▶ [Task goal]: Set down every line from the one containing "Women's Navy &" through the last line of the records below, exactly as written, and leave out the pictures.

[Supplied records — start]

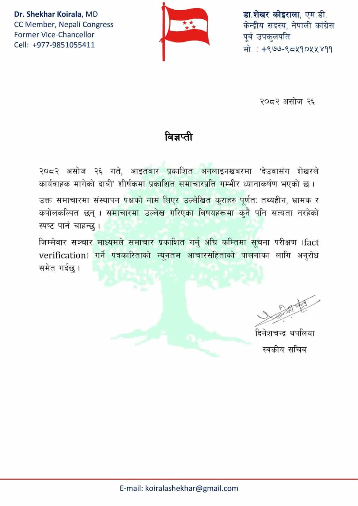 नेता कोइरालाका स्वकीय सचिव दिनेशचन्द्र थपलियाले एक विज्ञप्ति जारी गर्दै कार्यवाहक नमागिएको दाबी गरेका हुन् ।
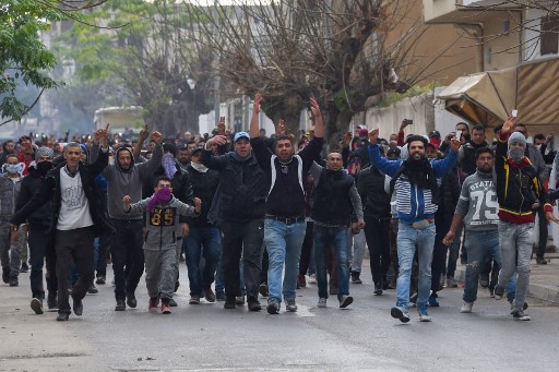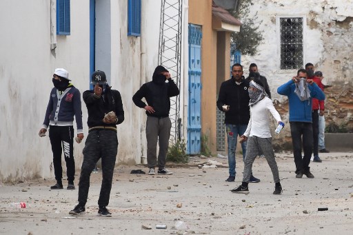 Tunisian protestors throw stones towards security forces in Tunis’ Djebel Lahmer district early on January 10, 2018 after price hikes ignited protests in the North African country. Fresh scuffles broke out overnight night between Tunisian protesters and police, a day after the death of a man in violent demonstrations over rising costs and government austerity.AFP
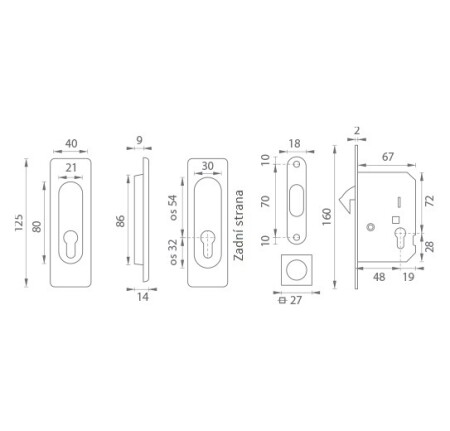 Quadratischer Satz für Schiebetüren mit einer Bohrung für einen Zylindereinsatz (PZ).
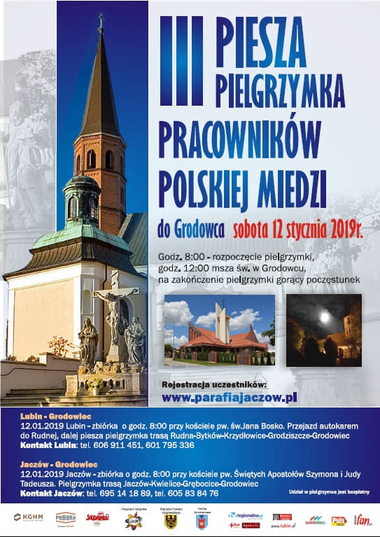 – Serdecznie zapraszamy wszystkich związanych z Zagłębiem Miedziowym do udziału w Pieszej Pielgrzymce Pracowników Polskiej Miedzi do Grodowca – zachęcają organizatorzy. – W tym roku pragniemy, wzorem lat ubiegłych, podjąć trud wędrówki zimową porą, aby pokłonić się Maryi, królującej tak blisko naszych kopalni. U progu Nowego Roku będziemy dziękować za otrzymane w ubiegłym roku łaski, prosić o bezpieczną pracę w 2019 roku oraz modlić się za zmarłych górników i pracowników Polskiej Miedzi.
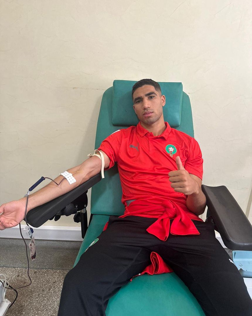 A seleção de Marrocos marcou presença no centro de transfusão de Agadir, cidade marroquina, para doar sangue para as vítimas do sismo que assolou o país na sexta-feira.
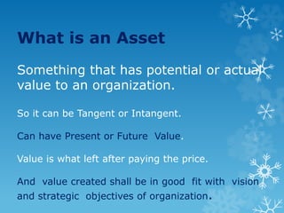 The document discusses enterprise asset management. It defines assets and their nature, including human, financial, information, and physical assets. Asset management aims to optimize asset performance, risks, and costs over their lifecycles to achieve organizational goals. The document outlines key elements of asset management systems, including policy, strategy, objectives, plans, enablers and controls, implementation, and performance assessment. It discusses standards like ISO 55000 that provide guidance for establishing effective asset management.
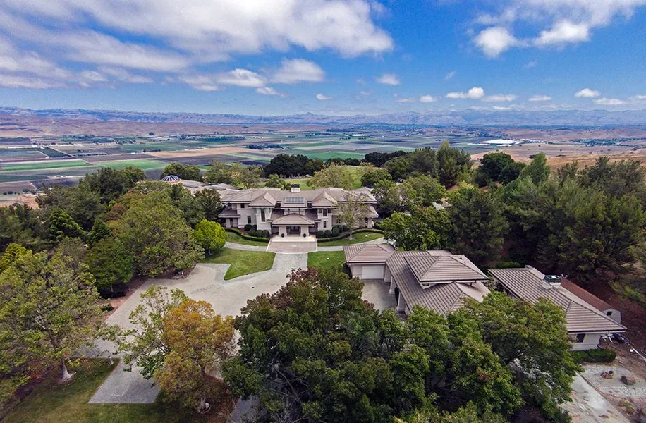 Main residence - Encompasses 18,000 square feet of building area, including 6 suites, 9 full and 2 half baths. The gourmet kitchen features granite countertops, cherry floors and cabinetry, Viking double ovens, separate sub-zero refrigerator and freezer. The great room boasts a revolving observatory-style dome skylight with an adjacent theater room. Additional features include a lower-level wine cellar and tasting room, a 6-bay, 2,700-square-foot detached garage and a circular motor court. The Library features ostrich leather floor and cherry wood cabinetry. Fully equipped and self contained site with 2 fire hydrants, separate building for boiler and electrical controls.
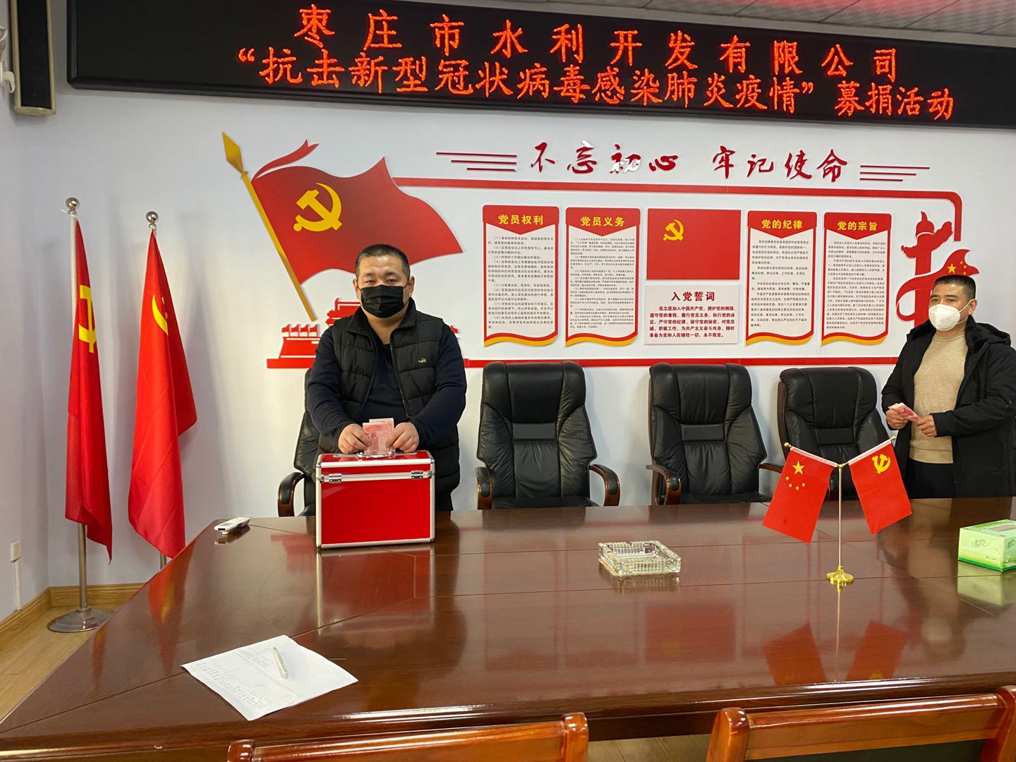 疫情無情,人間有愛。為支持新冠肺炎疫情防控工作,棗莊市水利開發(fā)有限公司執(zhí)行董事、總經(jīng)理岳磊攜公司全體黨員干部職工,于3月2日組織開展了抗擊疫情獻愛心捐款活動,以捐款的方式支援疫情防控工作,積極為抗擊疫情貢獻力量。
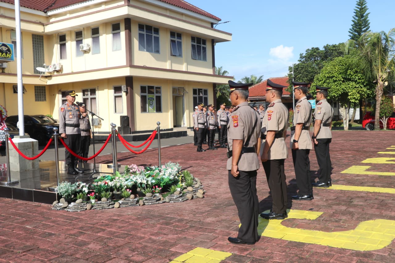 Kapolres Lebak AKBP Herfio Zaki, SIK, MH dalam amanatnya menyampaikan bahwa mutasi jabatan di lingkungan Polri merupakan hal yang wajar sebagai bentuk penyegaran organisasi serta pengembangan karier personel.
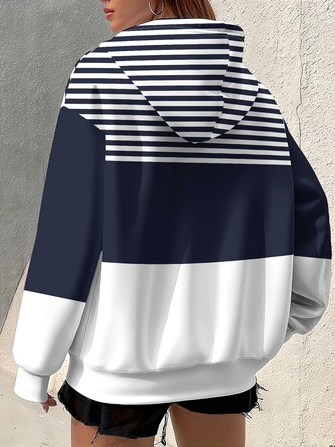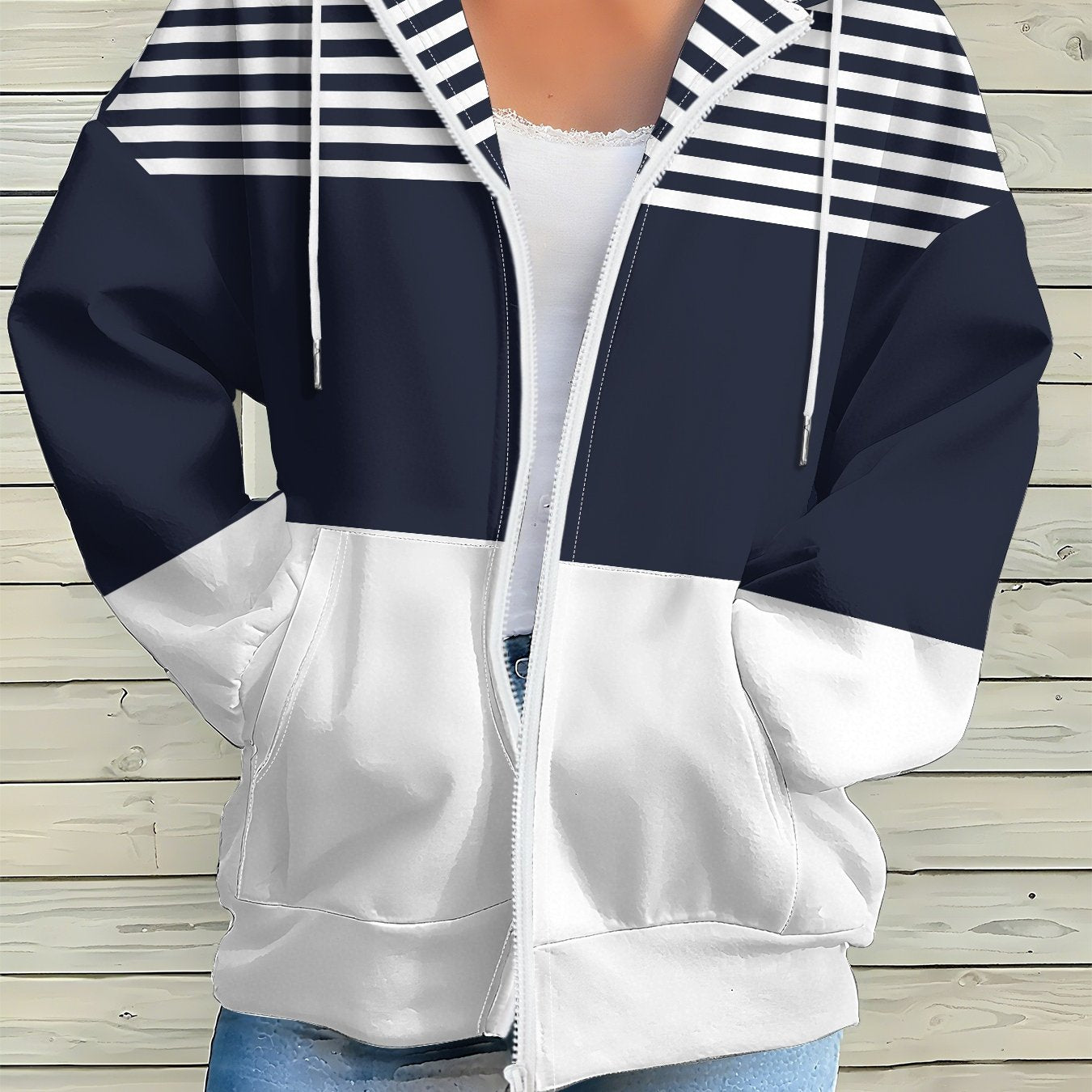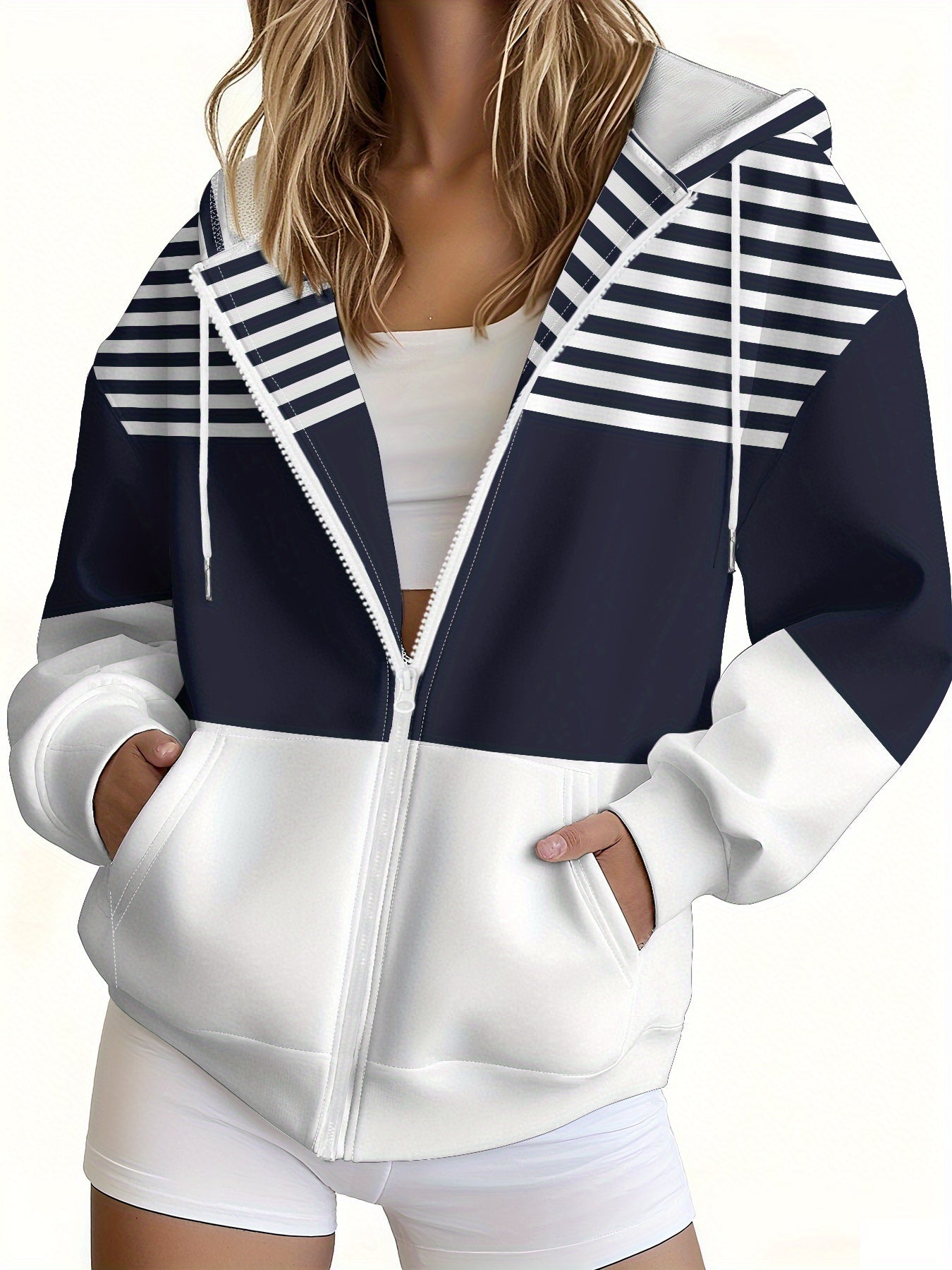 Women's Navy & White Zip-Up Hoodie - Casual Long Sleeve Outerwear
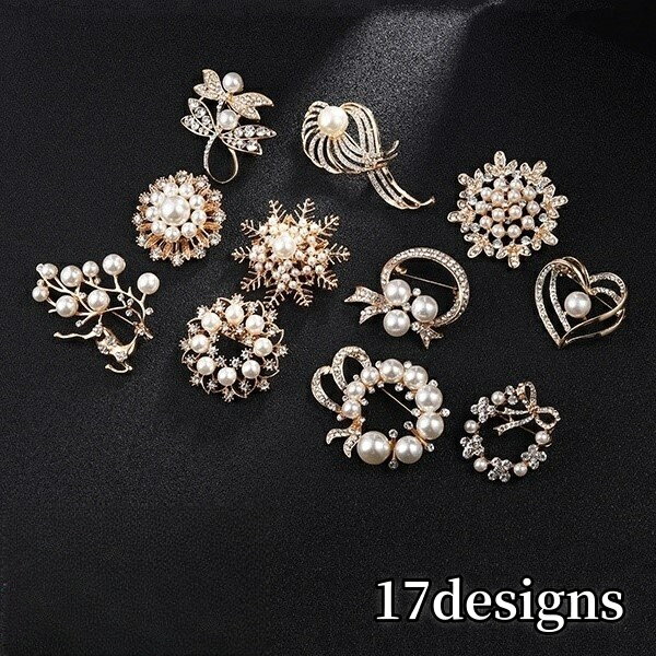 送料無料 ブローチ バッジ レディース 女性 アクセサリー ファッション雑貨 小物 ハート ラウンド リース リーフ 枝 雪の結晶 リボン ラインストーン フェイクパール ゴールドカラー 綺麗 エレガント おしゃれ 可愛い キュート プレゼント ギフト
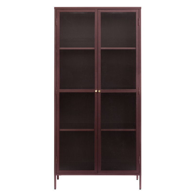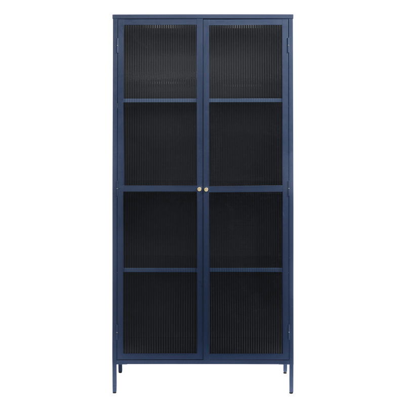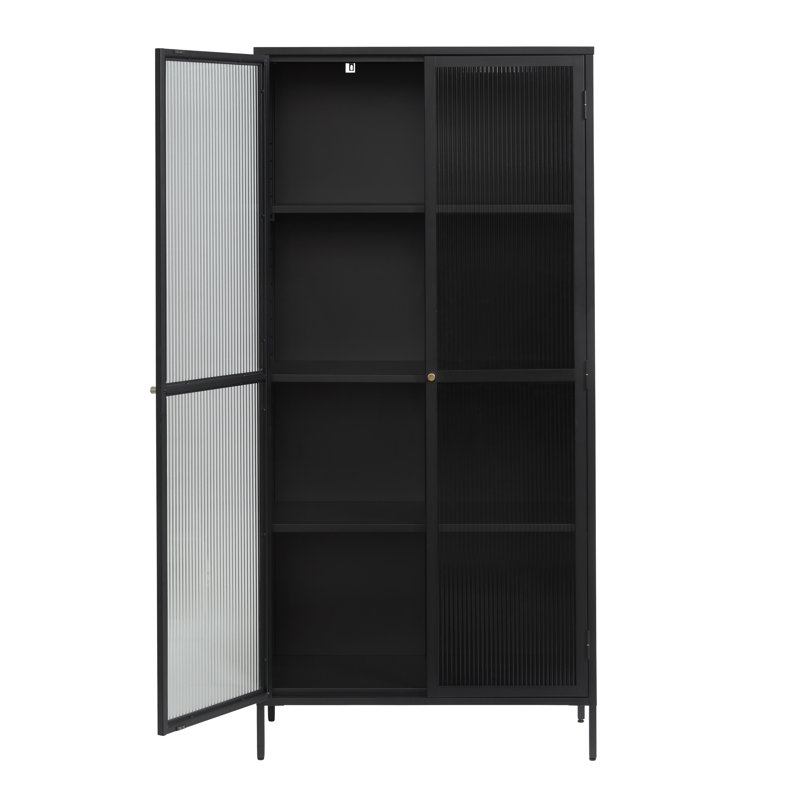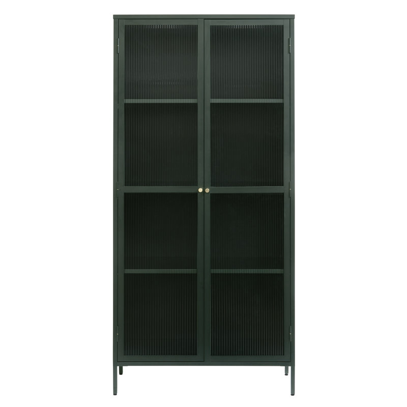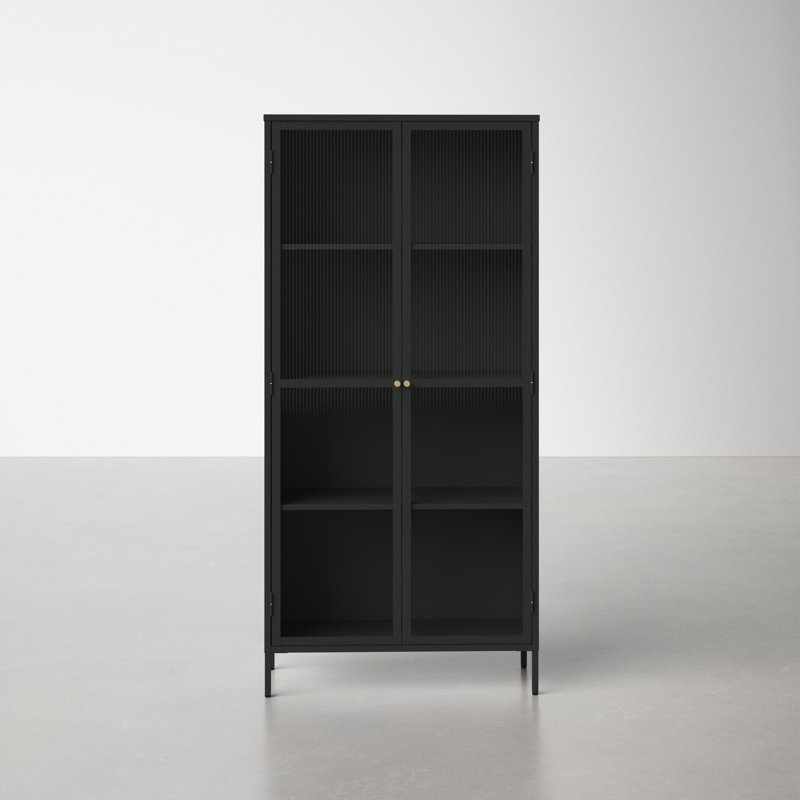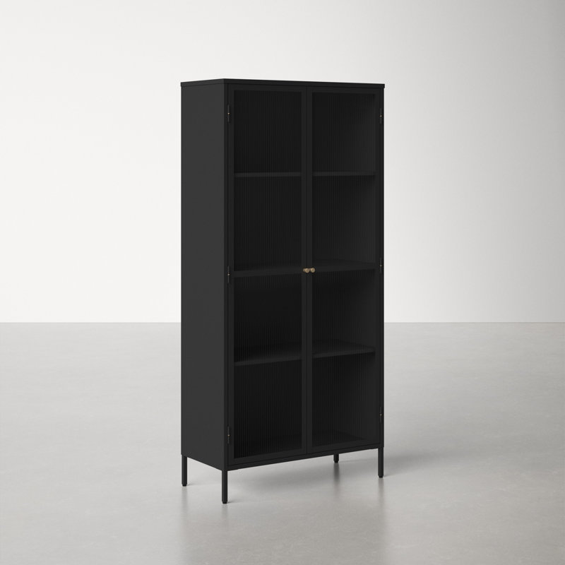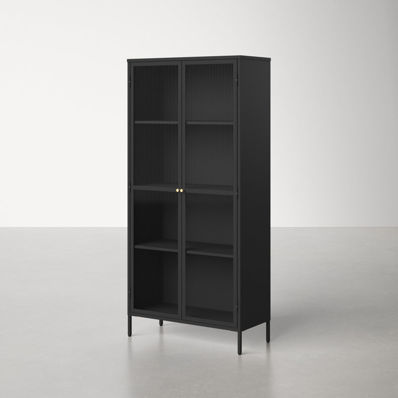 Enjoy a more refined take on the modern design aesthetic with this metal display cabinet. This metal two door cabinet is designed with two glass panel door fronts, four shelves and simple metal framework, making it the perfect home for your favorite pottery, books and other collected curiosities.
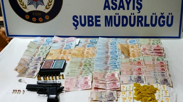 Düzenlenen operasyonda oyun masası üzerinden ve şahıslardan toplam, (6.765) TL para, para yerine geçen muhtelif renklerde (93) pul, (13) adet okey taşı, (2) deste iskambil kağıdı, (1) adet çetele bulundu. Şüphelilerden M. B.'nin üzerinde (1) adet ruhsatsız tabanca, (9) adet fişek ile (1) adet kapsam dışı bıçak ele geçirildi. İkamet içerisinde yapılan aramada ise (2) adet uyuşturucu kullanmak için özel olarak yapılmış kova olarak tabir edilen düzenek, (5) adet uyuşturucu hap ve bir miktar kenevir tohumu elde edilerek muhafaza altına alınmıştır.

[Supplied records — finish]

▶ [Task output]:
 Women's Navy & White Zip-Up Hoodie - Casual Long Sleeve Outerwear
 送料無料 ブローチ バッジ レディース 女性 アクセサリー ファッション雑貨 小物 ハート ラウンド リース リーフ 枝 雪の結晶 リボン ラインストーン フェイクパール ゴールドカラー 綺麗 エレガント おしゃれ 可愛い キュート プレゼント ギフト
 Enjoy a more refined take on the modern design aesthetic with this metal display cabinet. This metal two door cabinet is designed with two glass panel door fronts, four shelves and simple metal framework, making it the perfect home for your favorite pottery, books and other collected curiosities.
 Düzenlenen operasyonda oyun masası üzerinden ve şahıslardan toplam, (6.765) TL para, para yerine geçen muhtelif renklerde (93) pul, (13) adet okey taşı, (2) deste iskambil kağıdı, (1) adet çetele bulundu. Şüphelilerden M. B.'nin üzerinde (1) adet ruhsatsız tabanca, (9) adet fişek ile (1) adet kapsam dışı bıçak ele geçirildi. İkamet içerisinde yapılan aramada ise (2) adet uyuşturucu kullanmak için özel olarak yapılmış kova olarak tabir edilen düzenek, (5) adet uyuşturucu hap ve bir miktar kenevir tohumu elde edilerek muhafaza altına alınmıştır.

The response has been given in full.